Homestead

County audit: Homestead nonprofit misused funds

 

atorres@MiamiHerald.com

Miami-Dade budget officials have given a Homestead nonprofit organization a Friday deadline to submit a plan to meet its financial obligations, after a county Inspector General’s Office audit found mismanagement of grant funds.

Homestead-based Galata provided free transportation, affordable housing and social services, mostly to the Haitian migrant community in South Miami-Dade. The city of Homestead and the county has given several grants to Galata, including $500,000 in 2008 to pay down the mortgage on a warehouse to be used for an “intergenerational recreational community center.”

But Miami-Dade Inspector General Christopher Mazzella found in a Jan. 8 report that Galata used the money for impermissible purposes and misled the county about its financial condition. Joseph “Billy” G. Louis, who founded Galata nearly 13 years ago, did not return phone calls from The Miami Herald.

The center at 916 N. Flagler Ave. is “partially open but it is not providing services,” Galata’s project manager Luis Dilan said last week.

Neighbors said Galata’s cream colored building with a green awning has been mostly empty for the last few months. An apologetic sign at the door said the hours of operation were from 9 a.m. to noon. Galata’s phone was disconnected.

To the rear of the property, behind a fence, were two cars without license plates – a black Saturn and an orange Mercedes-Benz C230 Kompressor. Galata’s fleet — a white van and three shuttles labeled “Senior Center Social Services” with county logos — sat idle in the parking lot Tuesday.

Here’s what went wrong according to Mazzella’s report:

In 2006, Galata purchased the 5,500-square-foot warehouse from Zeelandia Music for about $590,000 and obtained a $442,230 mortgage from 1st National Bank of South Florida.

A year after the warehouse purchase, Galata had a $531,000 mortgage from Community Development Transportation Lending Services and a $30,000 balloon mortgage from Florida Community Loan Fund.

Mazzella said that while seeking county funds in 2007, Galata misled the county by claiming to have no legal liabilities when it actually had three outstanding mortgages on the warehouse.

Less than two months after depositing the county check in 2008, Galata refinanced the property with Regions Bank for $355,000 to pay off the other two mortgages.

Louis used about $330,000 to reduce the mortgage’s principal, and about $70,000 for attorney’s fees, interest, late charges and penalties.

He later told officials he used what was left of the grant for operating expenses including to pay off about $89,000 in Internal Revenue Service payroll tax liens that had accumulated from 2005 to 2007. A county grant coordinator determined this was an impermissible use of county funds.

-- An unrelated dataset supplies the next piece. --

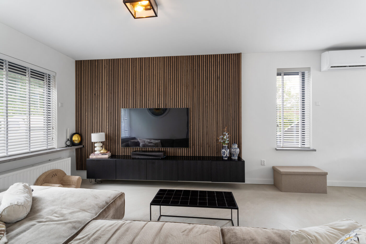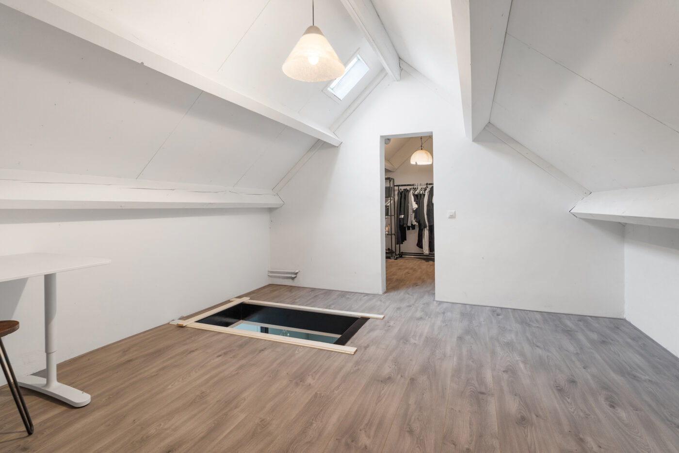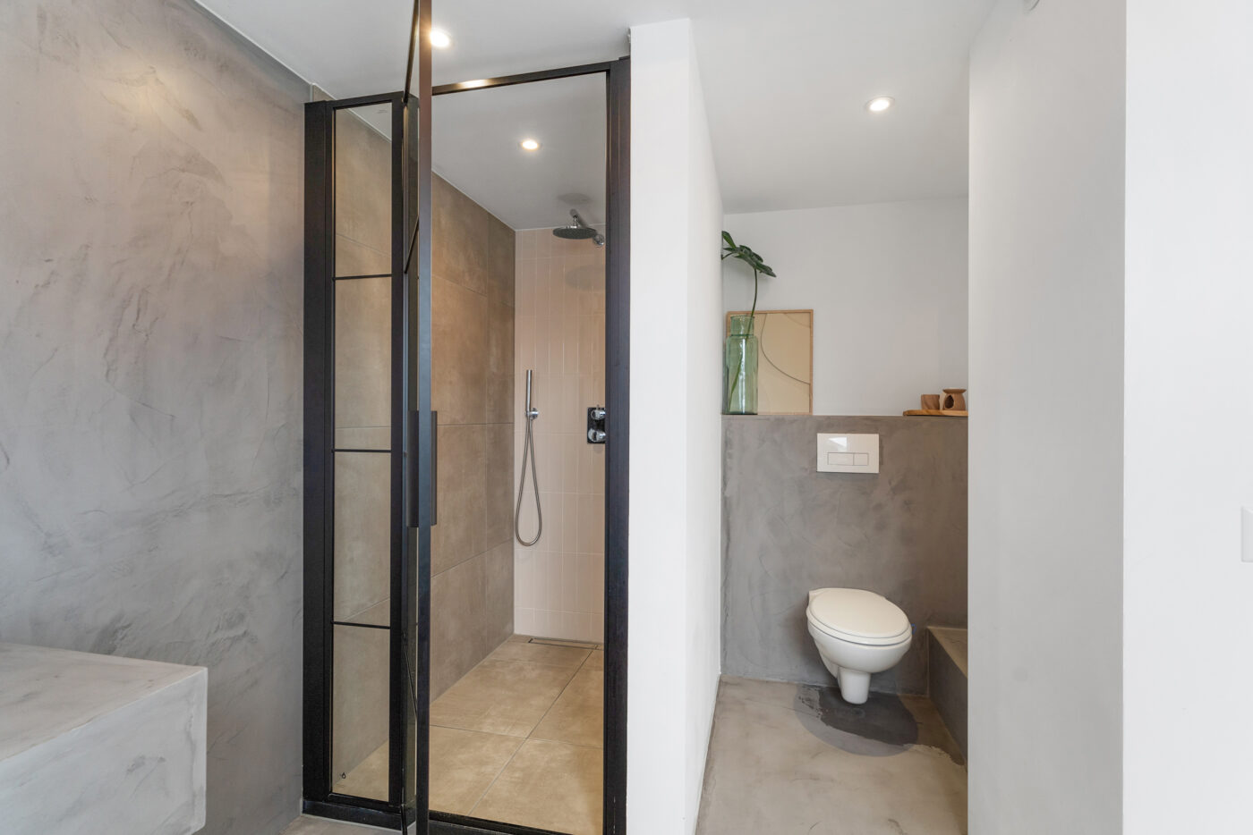 A glass wall (loft) provides an open connection to the living room below and retains heat well. This creates a pleasant workspace, ideal for working from home. This floor also features two spacious bedrooms with air conditioning and shutters. The finish is high-quality, with plastered walls and ceilings and neat laminate flooring. The modern bathroom features a concrete-look finish with an integrated bathtub, spacious walk-in shower, vanity, wall-hung toilet, designer radiator, and a skylight for natural light and ventilation.

During an 18-month period, Galata had five different mortgages on the property. As of June 2012, the mortgage balance on Galata’s property was about $319,000.

Court records show that Louis filed for bankruptcy in 2008. Galata paid Louis about $69,000 in 2008 and about $49,000 in 2009 and 2010, according to Galata’s tax returns.

In a July 24, 2009, letter to a county official, Louis said renovations to the warehouse would cost $600,000, and so far he had $255,000 in government funding.

The county funding “has not only afforded Galata the ability to more than double the amount of clients served on a daily basis,” Louis said. “But has opened the door for us to receive additional funds for the renovations of our building.”

Officials visited the property in December, and the renovations had not been completed. And the audit report said the center’s mortgage will be due June 2nd.